Skip the images and copy each record exactly as written.

:: DATA FOR THE TASK ::

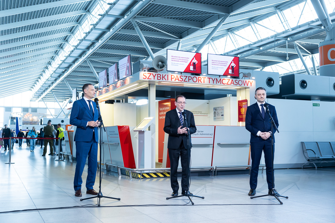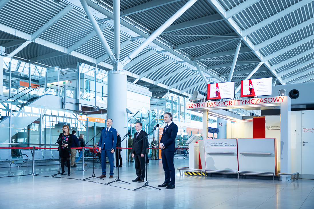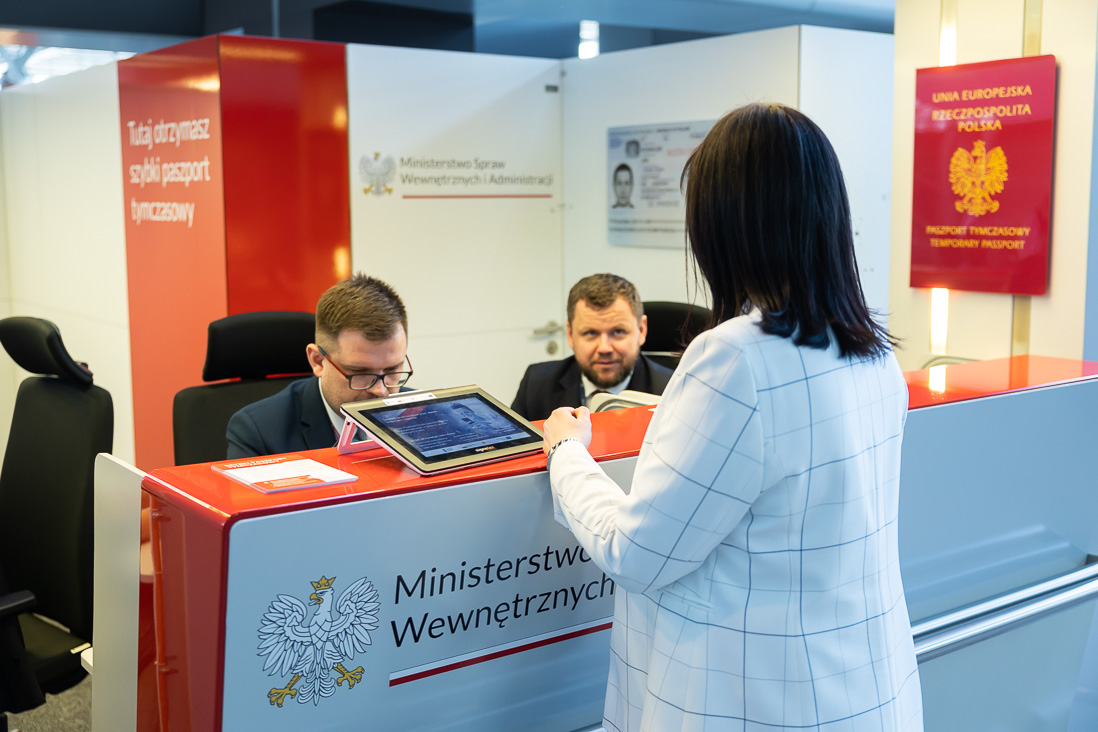 W czwartek, 20 kwietnia 2023 r. ministrowie Mariusz Kamiński i Bartosz Grodecki ogłosili uruchomienie punktu wydawania paszportów tymczasowych na Lotnisku Chopina w Warszawie. W wydarzeniu uczestniczył także prezes Polskich Portów Lotniczych Stanisław Wojtera.
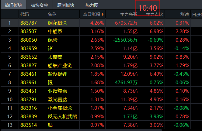 今天上午市场呈现出明显的分化行情。从指数分时图中可以清晰看到,代表指数的白线强势上扬,而代表个股的黄线走势疲弱,两者分化显著。盘中红盘股票数量仅1000家左右,大部分股票处于绿盘状态,这无疑表明今天是典型的指数行情,个股表现相对弱势。
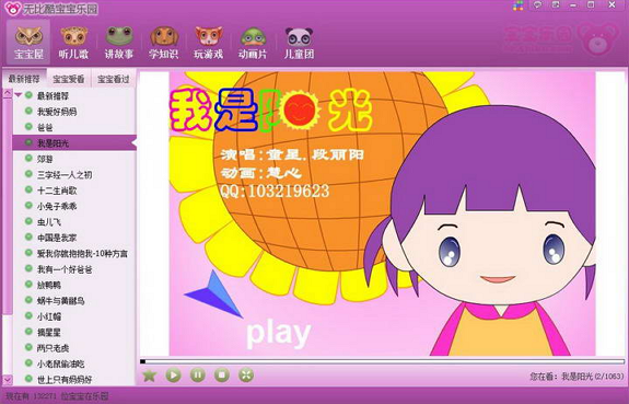 在小故事,成语故事,童话故事,中文儿歌,中文童谣,英文儿歌单元中,既有充满神奇浪漫色彩的神话传说、民间故事;也有开拓心智的童话、寓言、幽默故事以及朗朗上口的经典儿歌、歌曲。而且,都是经过精心剪裁提炼的、世界故事宝库中最脍灸人口的名篇佳作,其中所表达的对真、善、美必胜的乐观信念,对假、恶、丑的嘲讽和无情鞭挞,对于开拓智力,陶冶性情,锻炼意志,完善精神,都会有很大的帮助。这些故事和儿歌是滋润小朋友心田的雨露和甘泉。经典的故事、儿歌,曾经陪伴过不知多少代人走过自己的童年和少年岁月,直到他或她成为白发苍苍的老人时,童年的记忆仍然回味无穷,可见它们是具有这样的魅力了。
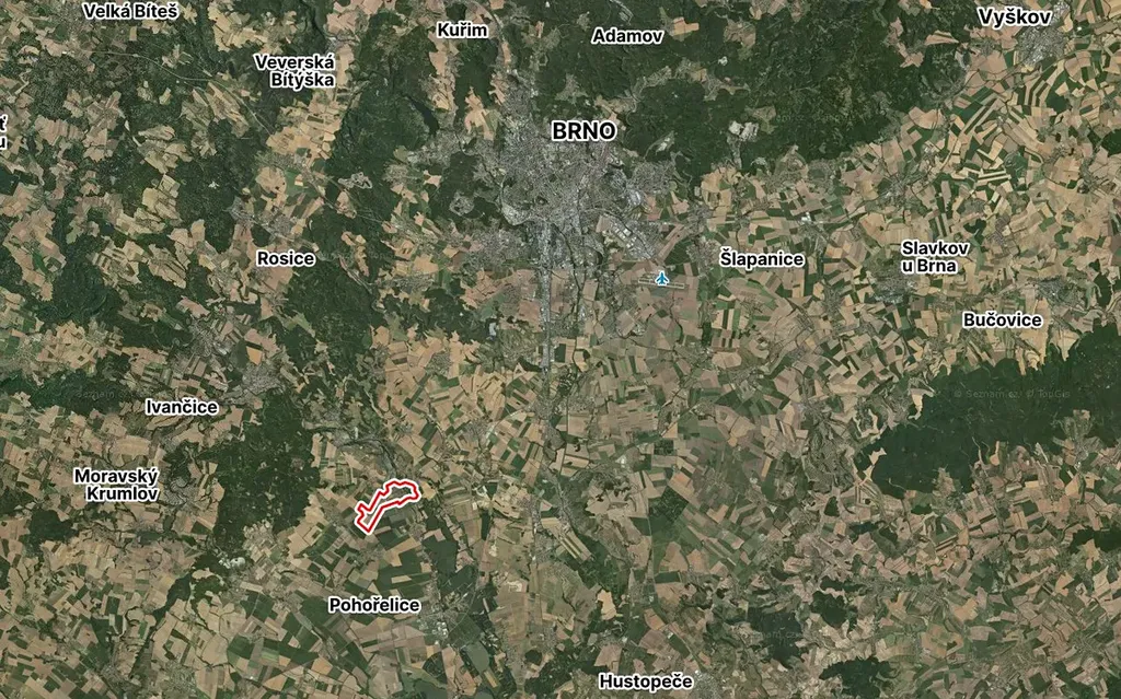 Pozemek je dokonale rovinatý a nachází se na dobře přístupném místě přímo u obecní komunikace, což zajišťuje pohodlný příjezd i možnost napojení na inženýrské sítě. Obec nabízí klidné bydlení s dobrou dostupností do okolních měst – Dolní Kounice (cca 5 minut) a Pohořelice (cca 10 minut), kde je k dispozici kompletní občanská vybavenost.
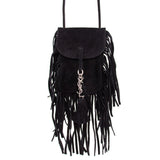 Details: Black Suede With Fringes / Silver Tone Hardware / Single Narrow Shoulder Strap / Fringes At Exterior / Logo Charm Accent At Front / Interior Suede Lining / Single Pocket / Magnetic Snap Closure At Front Flap
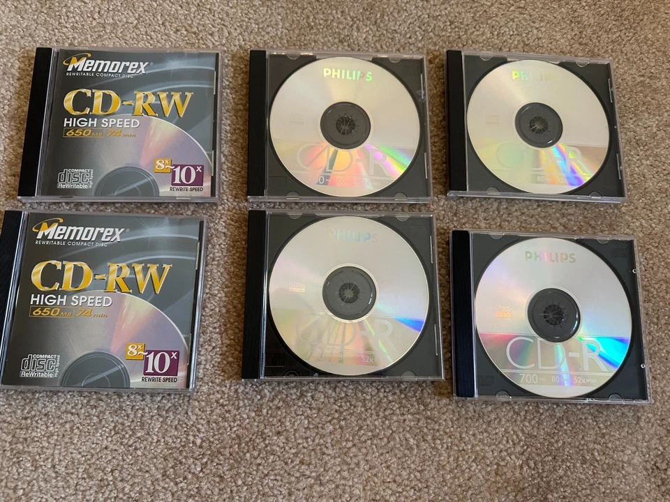 Lot of 6 Blank cd rw discs- 2 Memorex, 4 Philips
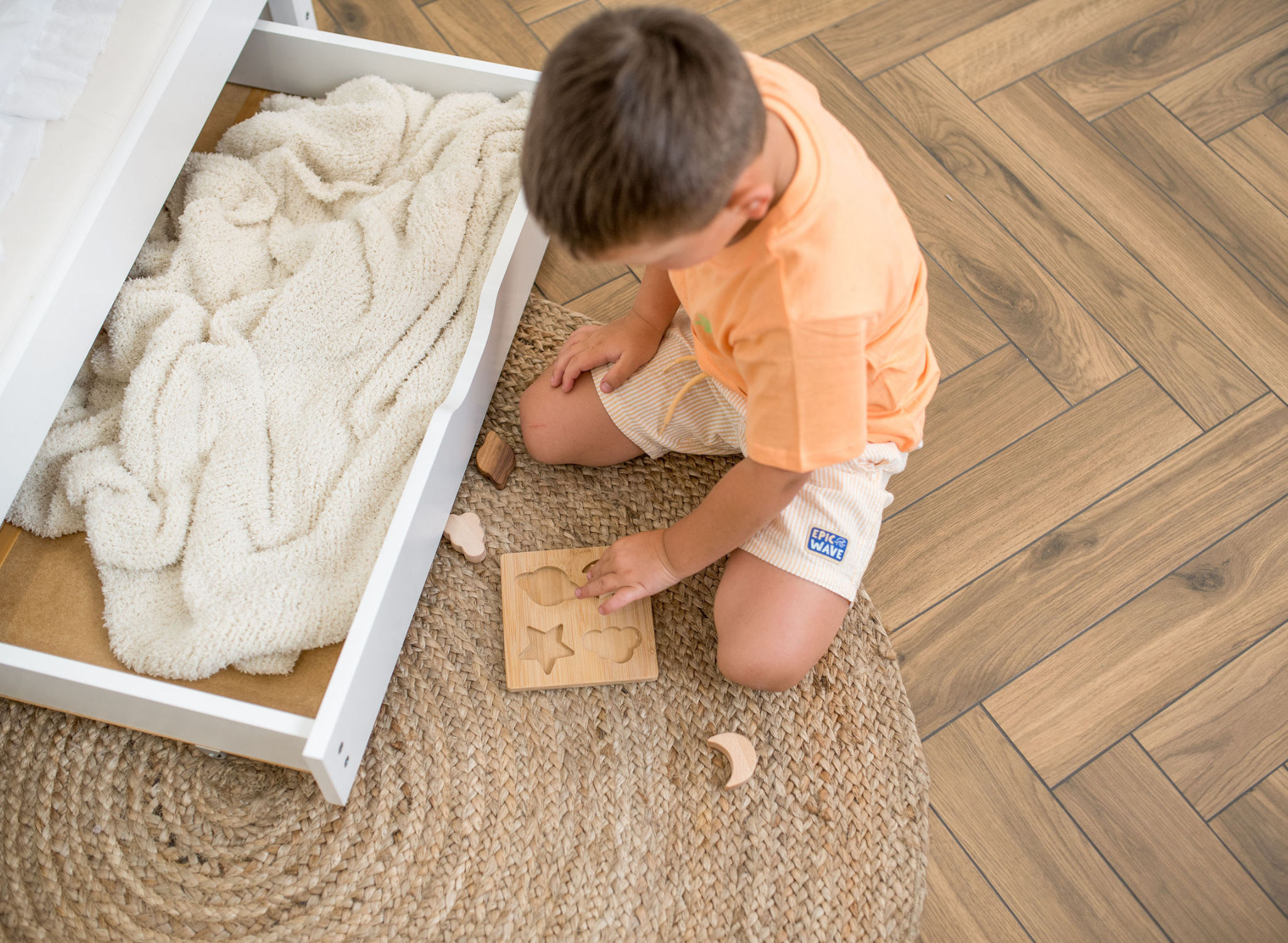 Přestože v dětském pokoji je skříň nebo samostatná šatna, určitě nepohrdneš dalším úložným prostorem – zvláště v místnosti s malým prostorem. V této dvojlůžkové dětské posteli jsou použity dvě výsuvné zásuvky. Co do nich schováš? Věci, které chceš mít po ruce – například další polštáře nebo teplou deku, kterou můžeš přikrýt dítě během chladné noci. Design postele AMELKA však okouzlí nejen výsuvnou spodní platformou, na které může spát druhé dítě. Konstrukce je také navržena s ohledem na maximální bezpečnost dítěte. Hlavní postel je obklopena vysokou zábranou, díky které se tvoje ratolest určitě neskutálí na osobu spící níže. Oba spací úrovně jsou navíc umístěny tak nízko, že případný pád na zem nebude bolestivý – pokud se rozhodneš odstranit boční lišty u staršího dítěte.

:::

WRITTEN ANSWER
 W czwartek, 20 kwietnia 2023 r. ministrowie Mariusz Kamiński i Bartosz Grodecki ogłosili uruchomienie punktu wydawania paszportów tymczasowych na Lotnisku Chopina w Warszawie. W wydarzeniu uczestniczył także prezes Polskich Portów Lotniczych Stanisław Wojtera.
 今天上午市场呈现出明显的分化行情。从指数分时图中可以清晰看到,代表指数的白线强势上扬,而代表个股的黄线走势疲弱,两者分化显著。盘中红盘股票数量仅1000家左右,大部分股票处于绿盘状态,这无疑表明今天是典型的指数行情,个股表现相对弱势。
 在小故事,成语故事,童话故事,中文儿歌,中文童谣,英文儿歌单元中,既有充满神奇浪漫色彩的神话传说、民间故事;也有开拓心智的童话、寓言、幽默故事以及朗朗上口的经典儿歌、歌曲。而且,都是经过精心剪裁提炼的、世界故事宝库中最脍灸人口的名篇佳作,其中所表达的对真、善、美必胜的乐观信念,对假、恶、丑的嘲讽和无情鞭挞,对于开拓智力,陶冶性情,锻炼意志,完善精神,都会有很大的帮助。这些故事和儿歌是滋润小朋友心田的雨露和甘泉。经典的故事、儿歌,曾经陪伴过不知多少代人走过自己的童年和少年岁月,直到他或她成为白发苍苍的老人时,童年的记忆仍然回味无穷,可见它们是具有这样的魅力了。
 Pozemek je dokonale rovinatý a nachází se na dobře přístupném místě přímo u obecní komunikace, což zajišťuje pohodlný příjezd i možnost napojení na inženýrské sítě. Obec nabízí klidné bydlení s dobrou dostupností do okolních měst – Dolní Kounice (cca 5 minut) a Pohořelice (cca 10 minut), kde je k dispozici kompletní občanská vybavenost.
 Details: Black Suede With Fringes / Silver Tone Hardware / Single Narrow Shoulder Strap / Fringes At Exterior / Logo Charm Accent At Front / Interior Suede Lining / Single Pocket / Magnetic Snap Closure At Front Flap
 Lot of 6 Blank cd rw discs- 2 Memorex, 4 Philips
 Přestože v dětském pokoji je skříň nebo samostatná šatna, určitě nepohrdneš dalším úložným prostorem – zvláště v místnosti s malým prostorem. V této dvojlůžkové dětské posteli jsou použity dvě výsuvné zásuvky. Co do nich schováš? Věci, které chceš mít po ruce – například další polštáře nebo teplou deku, kterou můžeš přikrýt dítě během chladné noci. Design postele AMELKA však okouzlí nejen výsuvnou spodní platformou, na které může spát druhé dítě. Konstrukce je také navržena s ohledem na maximální bezpečnost dítěte. Hlavní postel je obklopena vysokou zábranou, díky které se tvoje ratolest určitě neskutálí na osobu spící níže. Oba spací úrovně jsou navíc umístěny tak nízko, že případný pád na zem nebude bolestivý – pokud se rozhodneš odstranit boční lišty u staršího dítěte.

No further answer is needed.